O USTR (Escritório do Representante Comercial dos Estados Unidos) confirmou, na quinta-feira (23), a aplicação de uma nova tarifa de 12,5% contra 60 países, incluindo o Brasil, sob a justificativa de que essas nações teriam se beneficiado comercialmente de produtos ligados ao trabalho forçado.
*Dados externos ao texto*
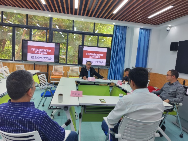 为贯彻落实党的二十大关于产教融合、科教融汇的决策部署,促进校企资源共享、产学合作共赢,4月26日,达州电务段总工程师董皓、教育科教师宋连桥到电信工程学院进行调研,深入探讨校企合作事宜。校企双方在2302教室举行座谈交流会。电信工程学院院长凌杰、专任教师陈光军、李殿钢、杜中彦参加座谈。 凌杰对达州电务段两位专家的到来表示热烈欢迎,并介绍了电信工程学院专业设置、师资和课程建设等基本情况。 董皓介绍了达州电务段基本情况、现场技术革新、未来人才需求以及职工培训需要。他指出以现场设备运用存在的问题为突破点,校企双方可以开展科研及项目合作,建议定期举行校企交流会,期待校企合作碰撞出技术革新和改进的火花。 接下来,学院将与企业共同建设微课,满足现场培训需求,并将新技术引进课堂,实现教学与生产的紧密贴合。 座谈结束后,达州电务段一行参观了学院的实验实训教室。
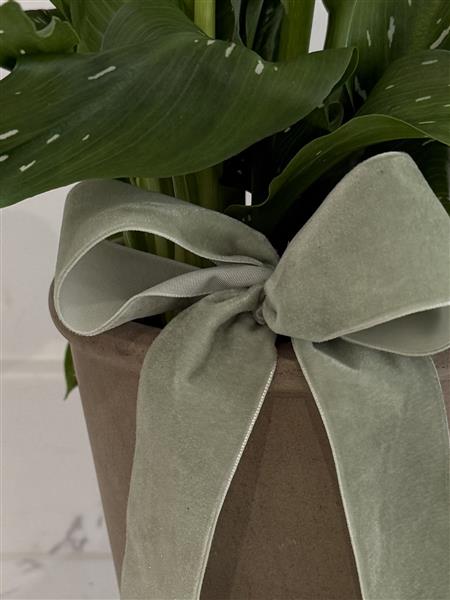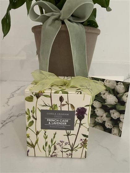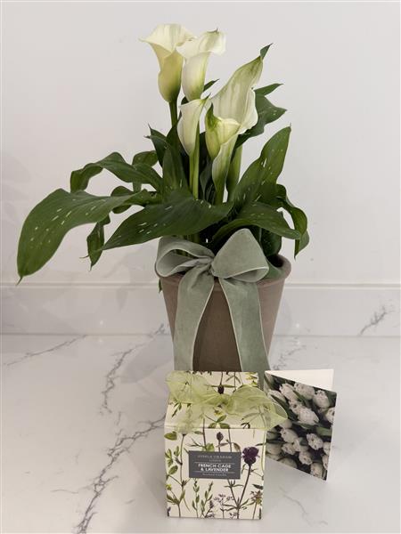 White Calla Lily plant in Clay pot with a scented candle in a painted glass jar. Gift boxed with a handwritten folded gift card.
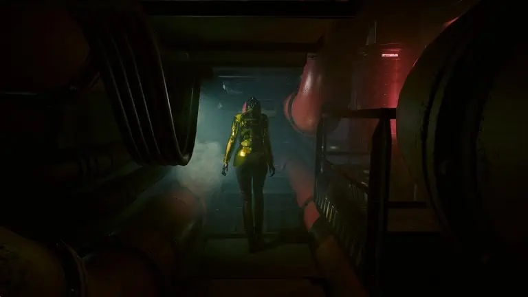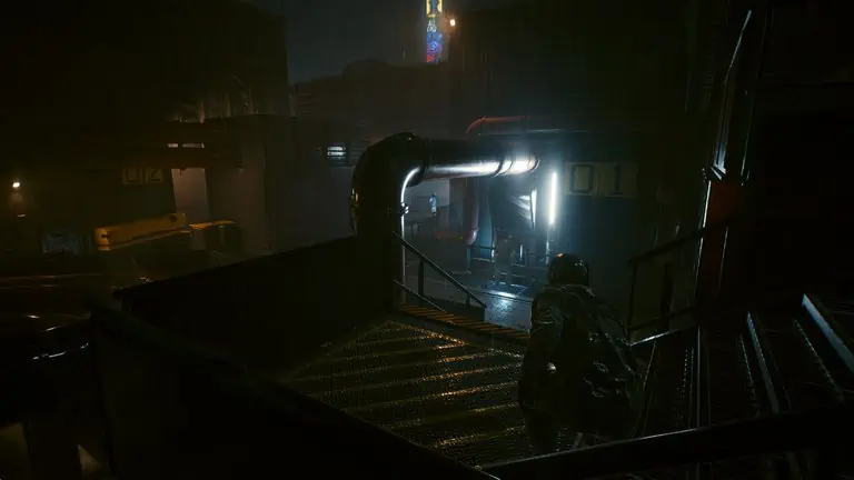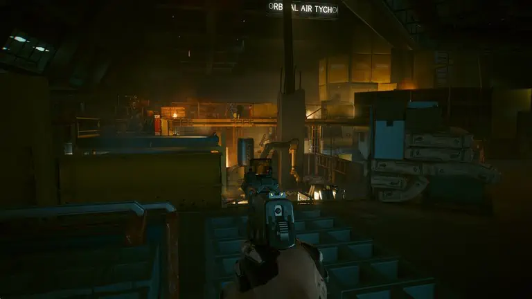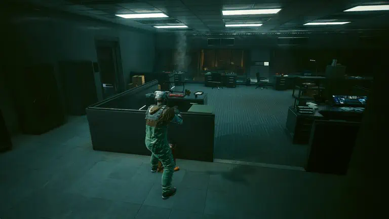 이 홀은 매우 어둡습니다. 제가 달려갔고 무기가 "실발"했기 때문에 모퉁이를 돌고 있는 경비원이 저를 놀라게 했습니다. Corpo 복장을 착용하고 있다면 계속해서 걷기만 하면 됩니다.
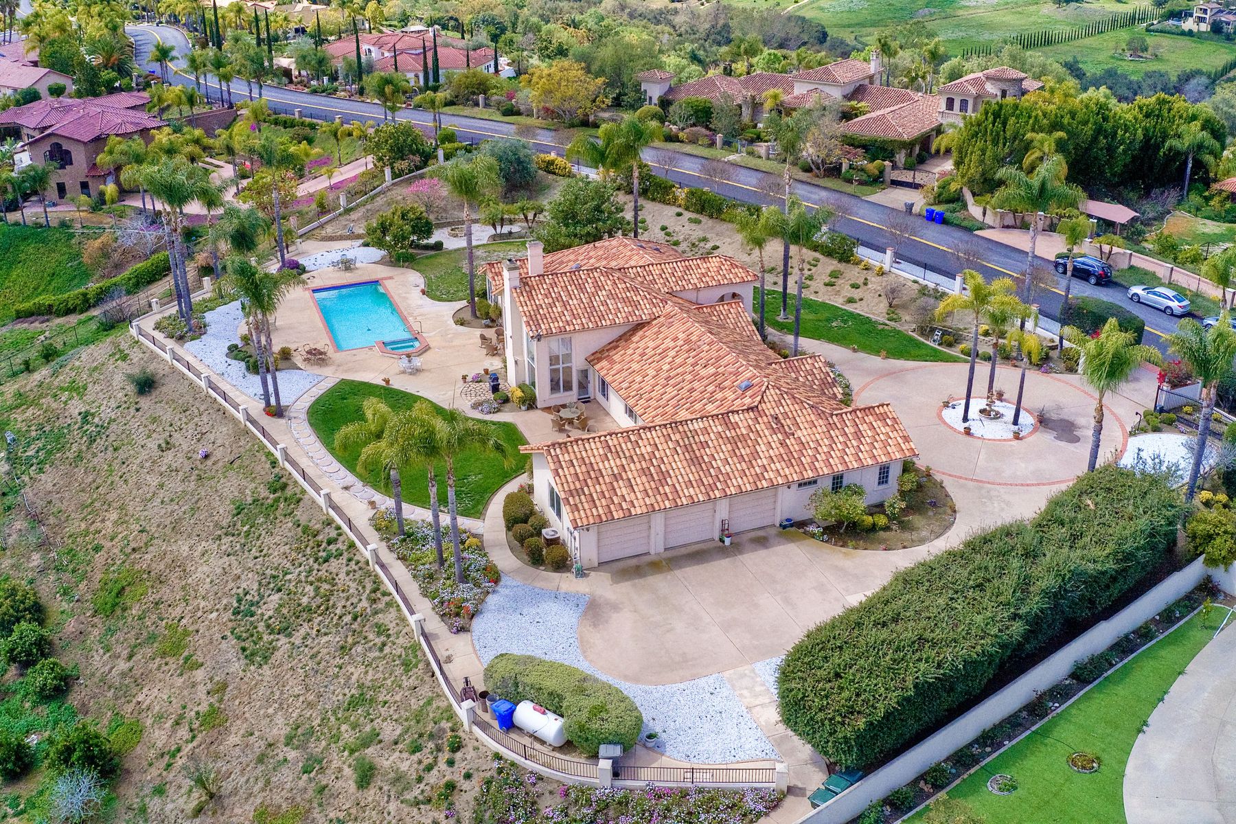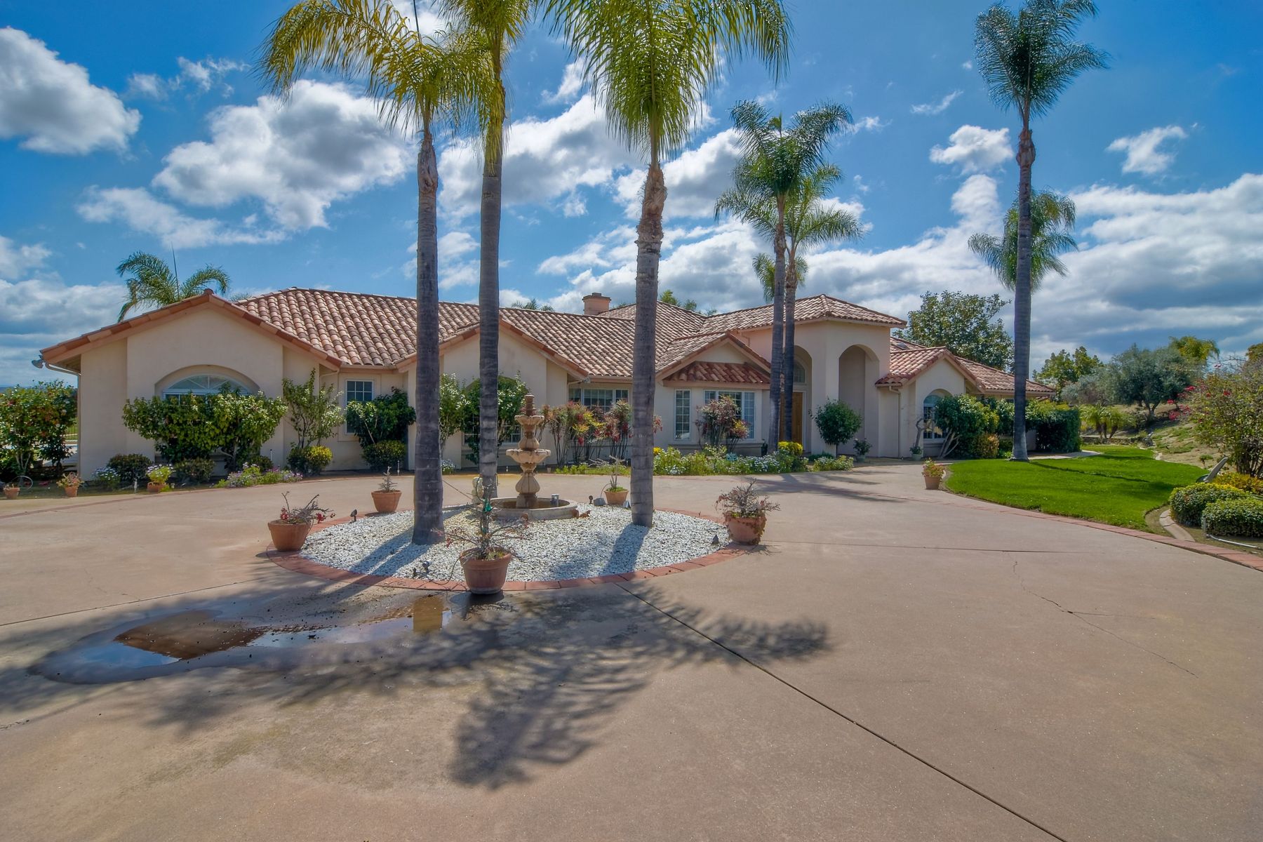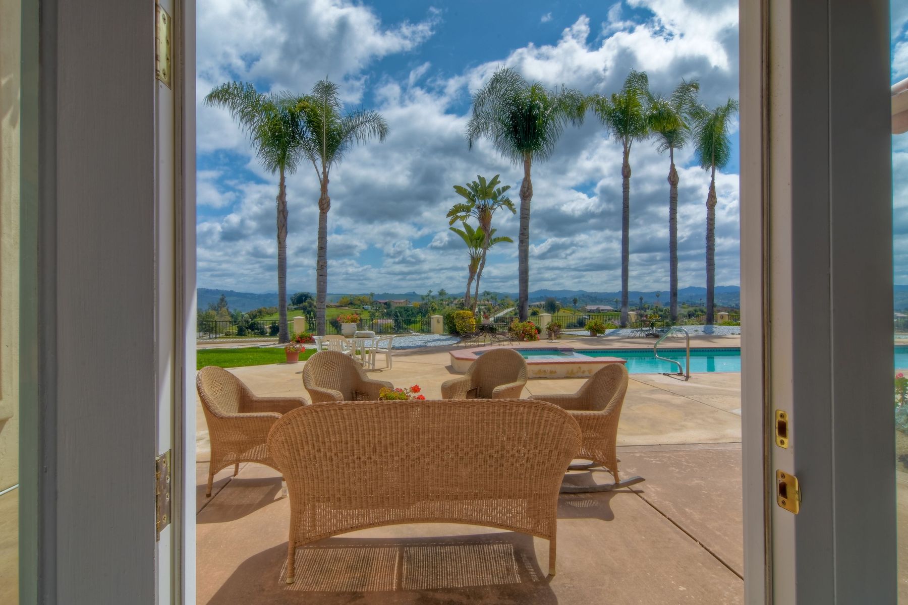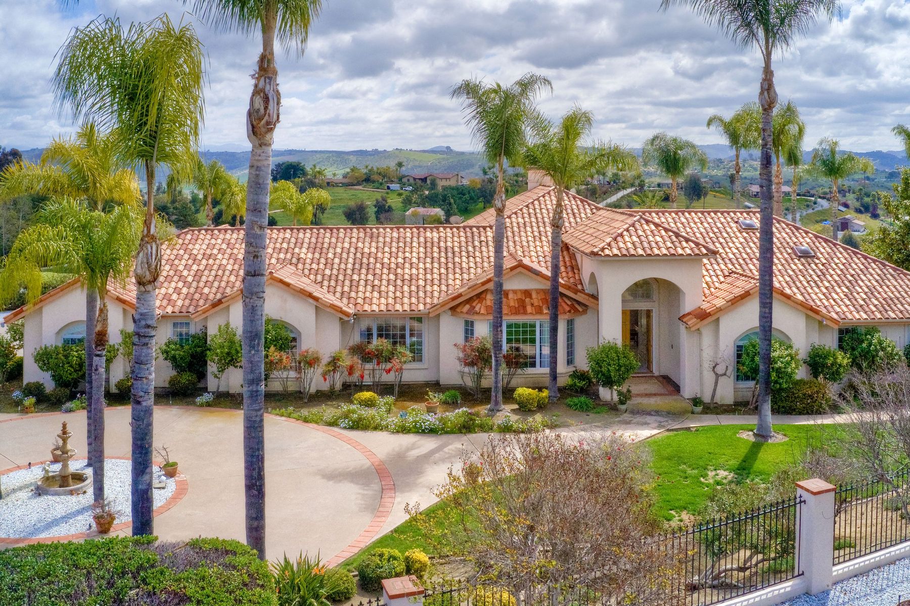 Enjoy incredible panoramic views and gorgeous sunrises every day from this single story resort style living home in Fallbrook! Sparkling outdoor swimming pool and spa are ready for your summer entertaining. Expansive outdoor living space is excellent for indoor/outdoor living! 5 large bedrooms with 5 Full Baths, soaring family room ceilings are ready for your family or guests! Paid solar system for low electric bills! Easy access to Hwy 76, I-15 and I-5, shopping, beaches and restaurants. Enjoy the wonderful ocean breezes from this premium location that also includes approximately 100 mature citrus trees and other " family fruit" selection of trees! A concrete path leads down to the grove where this also a large metal shed. Fully fenced and gated in a neighborhood of other estate quality homes!

O colunista do CNN Money Gilvan Bueno explica, ao CNN Novo Dia, os riscos do Brasil usar a reciprocidade contra a taxação americana.
A medida somou-se à sobretaxa de 25% já vigente desde 22 de julho, gerando uma tributação cumulativa de 37,5% sobre grande parte das exportações brasileiras para os Estados Unidos.
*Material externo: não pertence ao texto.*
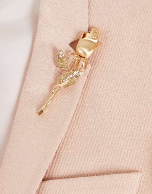 ASOS DESIGN wedding lapel pin with 3D rose in brushed gold tone

Segundo apuração nos bastidores do Palácio do Planalto, a sobretaxa de 12,5% já era esperada pelo governo brasileiro, diferentemente da tarifa de 25%, que em algum momento auxiliares do Planalto acreditavam poder ser revertida.
Por isso, a nota da Secretaria de Comunicação Social da Presidência da República já estava preparada e foi divulgada rapidamente após o anúncio americano.
Na nota oficial, o governo brasileiro rechaçou o novo tarifaço e acusou o governo norte-americano de manipular a pauta de direitos humanos para justificar medidas protecionistas.
O documento afirma que, “na ausência de base legal interna para sustentar a política comercial protecionista dos Estados Unidos, o USTR optou por manipular temas caros aos direitos humanos e aos trabalhadores para acusar esses países de práticas desleais”.